### TASK ITEM:
With pictures omitted, output the records below exactly as they appear.

[Collection entries]
Segment Open

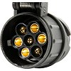 Cet adaptateur compact permet de connecter un système électrique à 13 plots mâle à un dispositif à 7 plots femelle, idéal pour vos besoins de remorquage ou d'éclairage. Compatible avec les véhicules 12V, il est parfait pour adapter vos équipements en toute simplicité.
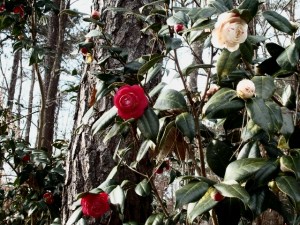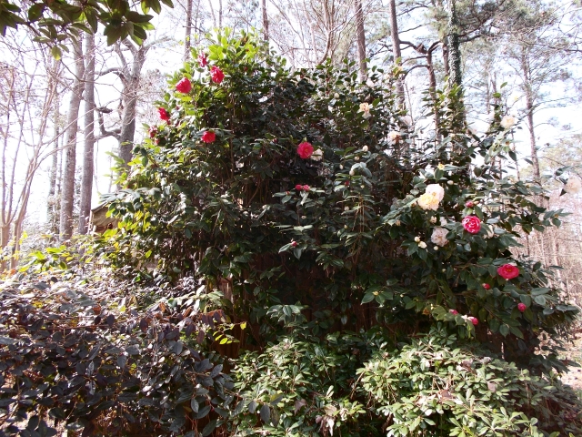 A truce of sorts between camellias and big trees had apparently been negotiated, though we were not privy to the plant talk. We could only watch from above. Their blooms are brightening winter days for us and our neighbors.
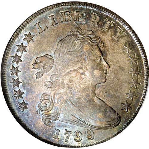 <B>1799/8 S$1 13 Stars Reverse MS62 NGC.</B></I> B-1, BB-142, R.4. This is a late die state, and may qualify as the terminal die state for the variety. It is also a remarkable Mint State piece and easily within the Condition Census for this variety. The obverse has a number of die flaws near the date and LIBERTY, and elsewhere. A feature that is readily apparent on this example is severe obverse die buckling through the stars at the right border, and the drapery. This die buckling is the cause of central design weakness. The reverse die is shattered with several cracks through STATES OF, and heavy die flaws at the first T of STATES and the I of AMERICA. Both sides of this lovely dollar are naturally toned in gray-gold, pale blue, and steel color with few blemishes of any significance. An accompanying coin box identifies this piece as the Col. Green specimen.<BR><I>Ex: Waldo C. Newcomer; Col. E.H.R. Green; James G. Macallister; T. James Clarke (New Netherlands, 48th Sale), lot 626.</B></I><BR><BR><b>Shipping:</b> Coin/Currency (<a target="_blank" href="http://www.heritageauctions.com/common/shipping.php">view shipping information</a>)
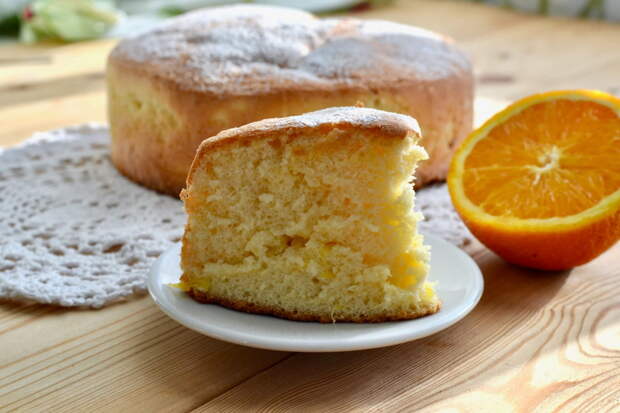 Перемешать венчиком. Влить оливковое масло. Муку отдельно смешать с разрыхлителем. Затем соединить с яичной смесью. Влить апельсиновый сок, перемешать. Тесто вылить в форму. Выпекать пирог 25-30 минут при 180 ℃. [caption id="attachment_49214" align="aligncenter" width="1280"]Ароматный апельсиновый пирог[/caption]
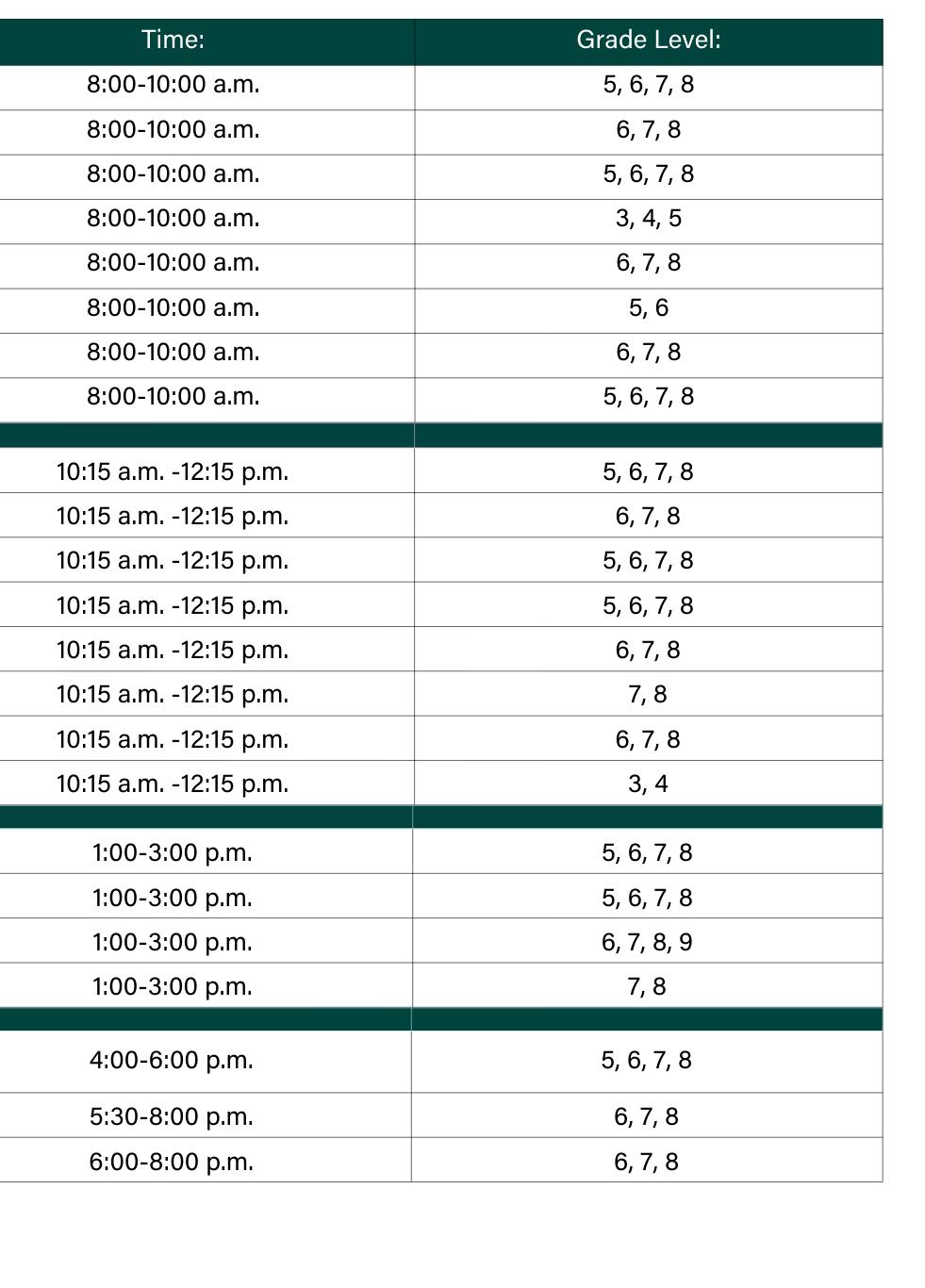 Early Bird pricing is available for registrations received by May 15, 2026. Registrations submitted after May 15,2026 will be subject to a $25 per camp price increase. ALL campers will be asked to complete a media release form and a medical and emergency release form. Each enrichment camp will have a minimum of six students, maximum of 25, unless otherwise noted. Early registration is recommended, as class sizes are limited. Parents will receive a confirmation e-mail after May 15, 2026. In the event that a class is cancelled due to insufficient enrollment, parents will be notified.
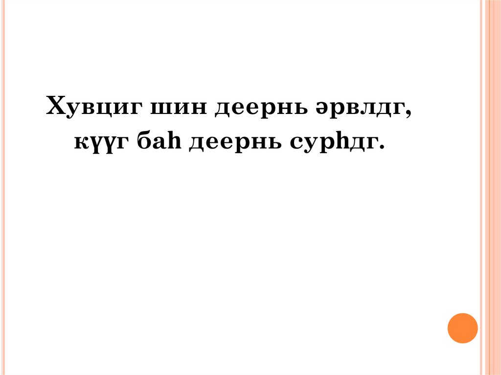 Хувциг шин деернь әрвлдг,күүг баһ деернь сурһдг.
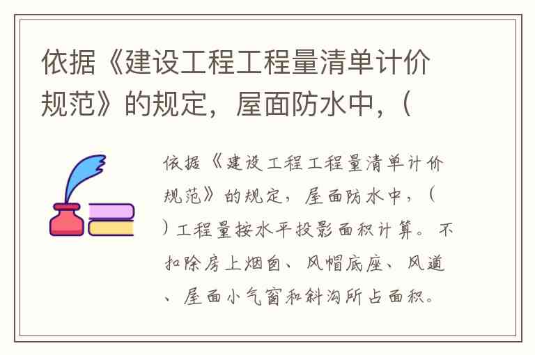 根据《建设工程工程量清单计价规范》,平屋顶的屋面防水工程量按水平投影面积计算,且不扣除房上烟囱、风帽底座、风道、屋面小气窗和斜沟所占面积。这一规则在多个权威解释中均有明确说明,例如平屋顶与斜屋顶(不包括平屋顶找坡)的计算方式存在区别:斜屋顶按斜面积计算,而平屋顶则统一采用水平投影面积。
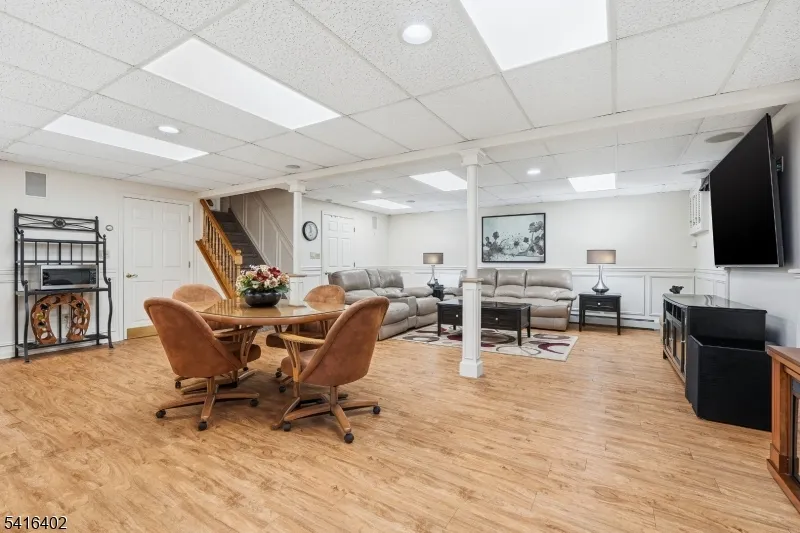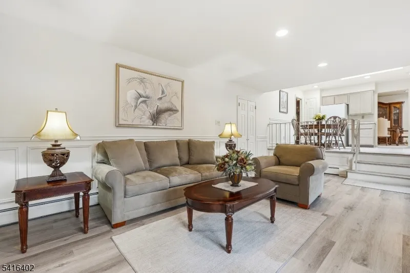 +"PublicRemarks": "Beautifully maintained 3-bedroom, 2.5-bath split-level home located in the highly sought-after Rolling Hills section of Wayne. Beautifully landscaped property! This home greets you with a spacious foyer and an effortless flow throughout enhanced by hardwood floors (under carpet), decorative moldings, wainscoting, and recessed lighting. The bright eat-in kitchen offers 42-inch cabinetry, abundant counter space, ample storage, an exhaust vent, and a skylight that fills the room with natural light. The expansive living room boasts a stunning bay window, while the formal dining room provides the perfect setting for entertaining. A cozy, windowed sunroom, and offering direct access to the back deck. The family room features a charming wood-burning fireplace, luxury vinyl plank flooring, and built-in window benches, while the first-floor mudroom/laundry room offers convenient backyard access and is complemented by an updated powder room.Three spacious bedrooms. Hot water baseboard heating, a new roof and chimney updates (both 2025), and a whole-house fan for energy efficiency during warmer months. Finished basement includes a second kitchen with sink, permitted stove, and stainless steel refrigerator perfect for entertaining, guests-- along with a workshop and additional storage area. 2-car attached garage with ceiling fan and storage, a large shed in back, in-ground sprinklers. Just minutes from parks, the mall, dining, and NJ Transit. One of Wayne's most desirable neighborhoods!"
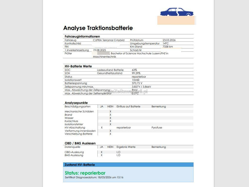 | Zusatzinformationen | Verkaufstext: Die Hochvoltbatterie wurde geprüft und ist reparierbar. Das Fahrzeug wird mit der HV-Batterie verkauft. Die Pyrofuse in der HV-Batterie muss durch einen Fachbetrieb ersetzt werden.Die (vom Fahrzeugexperten) ermittelten Reparaturkosten beziehen sich auf das versicherte Ereignis. Allfällige zusätzliche, nicht versicherte Schäden/Vorschäden, sind in den Reparaturkosten nicht enthalten. Die deklarierten Ausstattungsmerkmale können von der effektiven Ausstattung abweichen.AchtungBei einem Hochvoltsystem - Spannungsfreiheit prüfen. Sicherheitshinweise und Betriebsanleitungen des Herstellers konsultieren und befolgen. Das Fahrzeug steht beim nachfolgend aufgeführten Standortbetrieb und muss vor Gebotsabgabe besichtigt werden.Bitte melden Sie Ihren Besuch beim Standortbetrieb telefonisch an:Autoverwertung Müller AGLuzernerstrasse 406144 Zell LU041 988 19 87 |
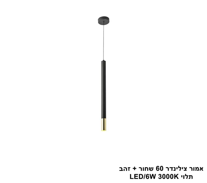 אמור צילינדר 60 שחור + זהב תלוי LED (25730)
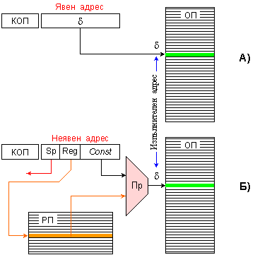 Изясняването на начините за преработка на адресната част на командата, с цел получаване на изпълнителния адрес, означава изясняване на алгоритъма и апаратурата за реализация. И както отбелязахме в началото, това следва да се отнася както за достъп до клетки, в които се съдържат операндите на командата, така и за достъп до клетки, от които следва да се извлече следващата команда. Това ни дава правото да разглеждаме методите за адресиране от две различни гледни точки, свързани с вида на извличаната от паметта информация. Така тук, в тази книга, в следващите раздели ще разгледаме:
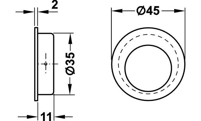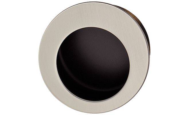 Мебельная врезная ручка круглой формы с круглым отверстием для деревянных дверей. Изготовлена из нержавеющей стали, класса качества 1.4301, с матовой поверхностью, внутренняя часть ручки черного цвета.
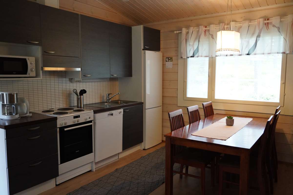 Unser recht komfortables Mökki liegt versteckt zwischen Kiefern, nicht weit vom Seeufer entfernt. Es bietet eine Küche, ein Wohnzimmer, zwei Schlafzimmer, eine Sauna und sogar eine Waschmaschine. Wer keine eigene Sauna hat, kann eine der drei Familiensaunen am Strand anmieten, darunter eine traditionelle Savusauna, eine finnische Rauchsauna. Aktivitäten gibt es ganzjährig. Im Sommer locken Beachvolleyball, Minigolf, Diskgolf, Tischtennis, ein Fitnesspfad sowie ein Kajak- und Bootsverleih, im Winter eine zwei kilometerlange Langlaufloipe und Schneeschuhwandern. Mutige können hier am Puruvesi bei Minusgraden auch ihr Durchhaltevermögen beim Eislochbaden unter Beweis stellen. Angeln ist sogar ganzjährig möglich. Im Sommer können Gäste auch Fahrräder ausleihen. Das Ruoke Feriendorf ist somit der ideale Ort, um das finnische Lebensgefühl und Finnlands unberührte Natur hautnah zu erleben: Entweder beim Wandern, beim Paddeln auf dem See, in der Sauna oder bei langen Spaziergängen entlang des idyllischen Ufers des Puruvesi-Sees.Fischspezialitäten und Räuberbraten im Ruoke Feriendorf

Segment Closed

### TASK RESULT:
 Cet adaptateur compact permet de connecter un système électrique à 13 plots mâle à un dispositif à 7 plots femelle, idéal pour vos besoins de remorquage ou d'éclairage. Compatible avec les véhicules 12V, il est parfait pour adapter vos équipements en toute simplicité.
 A truce of sorts between camellias and big trees had apparently been negotiated, though we were not privy to the plant talk. We could only watch from above. Their blooms are brightening winter days for us and our neighbors.
 <B>1799/8 S$1 13 Stars Reverse MS62 NGC.</B></I> B-1, BB-142, R.4. This is a late die state, and may qualify as the terminal die state for the variety. It is also a remarkable Mint State piece and easily within the Condition Census for this variety. The obverse has a number of die flaws near the date and LIBERTY, and elsewhere. A feature that is readily apparent on this example is severe obverse die buckling through the stars at the right border, and the drapery. This die buckling is the cause of central design weakness. The reverse die is shattered with several cracks through STATES OF, and heavy die flaws at the first T of STATES and the I of AMERICA. Both sides of this lovely dollar are naturally toned in gray-gold, pale blue, and steel color with few blemishes of any significance. An accompanying coin box identifies this piece as the Col. Green specimen.<BR><I>Ex: Waldo C. Newcomer; Col. E.H.R. Green; James G. Macallister; T. James Clarke (New Netherlands, 48th Sale), lot 626.</B></I><BR><BR><b>Shipping:</b> Coin/Currency (<a target="_blank" href="http://www.heritageauctions.com/common/shipping.php">view shipping information</a>)
 Перемешать венчиком. Влить оливковое масло. Муку отдельно смешать с разрыхлителем. Затем соединить с яичной смесью. Влить апельсиновый сок, перемешать. Тесто вылить в форму. Выпекать пирог 25-30 минут при 180 ℃. [caption id="attachment_49214" align="aligncenter" width="1280"]Ароматный апельсиновый пирог[/caption]
 Early Bird pricing is available for registrations received by May 15, 2026. Registrations submitted after May 15,2026 will be subject to a $25 per camp price increase. ALL campers will be asked to complete a media release form and a medical and emergency release form. Each enrichment camp will have a minimum of six students, maximum of 25, unless otherwise noted. Early registration is recommended, as class sizes are limited. Parents will receive a confirmation e-mail after May 15, 2026. In the event that a class is cancelled due to insufficient enrollment, parents will be notified.
 Хувциг шин деернь әрвлдг,күүг баһ деернь сурһдг.
 根据《建设工程工程量清单计价规范》,平屋顶的屋面防水工程量按水平投影面积计算,且不扣除房上烟囱、风帽底座、风道、屋面小气窗和斜沟所占面积。这一规则在多个权威解释中均有明确说明,例如平屋顶与斜屋顶(不包括平屋顶找坡)的计算方式存在区别:斜屋顶按斜面积计算,而平屋顶则统一采用水平投影面积。
 +"PublicRemarks": "Beautifully maintained 3-bedroom, 2.5-bath split-level home located in the highly sought-after Rolling Hills section of Wayne. Beautifully landscaped property! This home greets you with a spacious foyer and an effortless flow throughout enhanced by hardwood floors (under carpet), decorative moldings, wainscoting, and recessed lighting. The bright eat-in kitchen offers 42-inch cabinetry, abundant counter space, ample storage, an exhaust vent, and a skylight that fills the room with natural light. The expansive living room boasts a stunning bay window, while the formal dining room provides the perfect setting for entertaining. A cozy, windowed sunroom, and offering direct access to the back deck. The family room features a charming wood-burning fireplace, luxury vinyl plank flooring, and built-in window benches, while the first-floor mudroom/laundry room offers convenient backyard access and is complemented by an updated powder room.Three spacious bedrooms. Hot water baseboard heating, a new roof and chimney updates (both 2025), and a whole-house fan for energy efficiency during warmer months. Finished basement includes a second kitchen with sink, permitted stove, and stainless steel refrigerator perfect for entertaining, guests-- along with a workshop and additional storage area. 2-car attached garage with ceiling fan and storage, a large shed in back, in-ground sprinklers. Just minutes from parks, the mall, dining, and NJ Transit. One of Wayne's most desirable neighborhoods!"
 | Zusatzinformationen | Verkaufstext: Die Hochvoltbatterie wurde geprüft und ist reparierbar. Das Fahrzeug wird mit der HV-Batterie verkauft. Die Pyrofuse in der HV-Batterie muss durch einen Fachbetrieb ersetzt werden.Die (vom Fahrzeugexperten) ermittelten Reparaturkosten beziehen sich auf das versicherte Ereignis. Allfällige zusätzliche, nicht versicherte Schäden/Vorschäden, sind in den Reparaturkosten nicht enthalten. Die deklarierten Ausstattungsmerkmale können von der effektiven Ausstattung abweichen.AchtungBei einem Hochvoltsystem - Spannungsfreiheit prüfen. Sicherheitshinweise und Betriebsanleitungen des Herstellers konsultieren und befolgen. Das Fahrzeug steht beim nachfolgend aufgeführten Standortbetrieb und muss vor Gebotsabgabe besichtigt werden.Bitte melden Sie Ihren Besuch beim Standortbetrieb telefonisch an:Autoverwertung Müller AGLuzernerstrasse 406144 Zell LU041 988 19 87 |
 אמור צילינדר 60 שחור + זהב תלוי LED (25730)
 Изясняването на начините за преработка на адресната част на командата, с цел получаване на изпълнителния адрес, означава изясняване на алгоритъма и апаратурата за реализация. И както отбелязахме в началото, това следва да се отнася както за достъп до клетки, в които се съдържат операндите на командата, така и за достъп до клетки, от които следва да се извлече следващата команда. Това ни дава правото да разглеждаме методите за адресиране от две различни гледни точки, свързани с вида на извличаната от паметта информация. Така тук, в тази книга, в следващите раздели ще разгледаме:
 Мебельная врезная ручка круглой формы с круглым отверстием для деревянных дверей. Изготовлена из нержавеющей стали, класса качества 1.4301, с матовой поверхностью, внутренняя часть ручки черного цвета.
 Unser recht komfortables Mökki liegt versteckt zwischen Kiefern, nicht weit vom Seeufer entfernt. Es bietet eine Küche, ein Wohnzimmer, zwei Schlafzimmer, eine Sauna und sogar eine Waschmaschine. Wer keine eigene Sauna hat, kann eine der drei Familiensaunen am Strand anmieten, darunter eine traditionelle Savusauna, eine finnische Rauchsauna. Aktivitäten gibt es ganzjährig. Im Sommer locken Beachvolleyball, Minigolf, Diskgolf, Tischtennis, ein Fitnesspfad sowie ein Kajak- und Bootsverleih, im Winter eine zwei kilometerlange Langlaufloipe und Schneeschuhwandern. Mutige können hier am Puruvesi bei Minusgraden auch ihr Durchhaltevermögen beim Eislochbaden unter Beweis stellen. Angeln ist sogar ganzjährig möglich. Im Sommer können Gäste auch Fahrräder ausleihen. Das Ruoke Feriendorf ist somit der ideale Ort, um das finnische Lebensgefühl und Finnlands unberührte Natur hautnah zu erleben: Entweder beim Wandern, beim Paddeln auf dem See, in der Sauna oder bei langen Spaziergängen entlang des idyllischen Ufers des Puruvesi-Sees.Fischspezialitäten und Räuberbraten im Ruoke Feriendorf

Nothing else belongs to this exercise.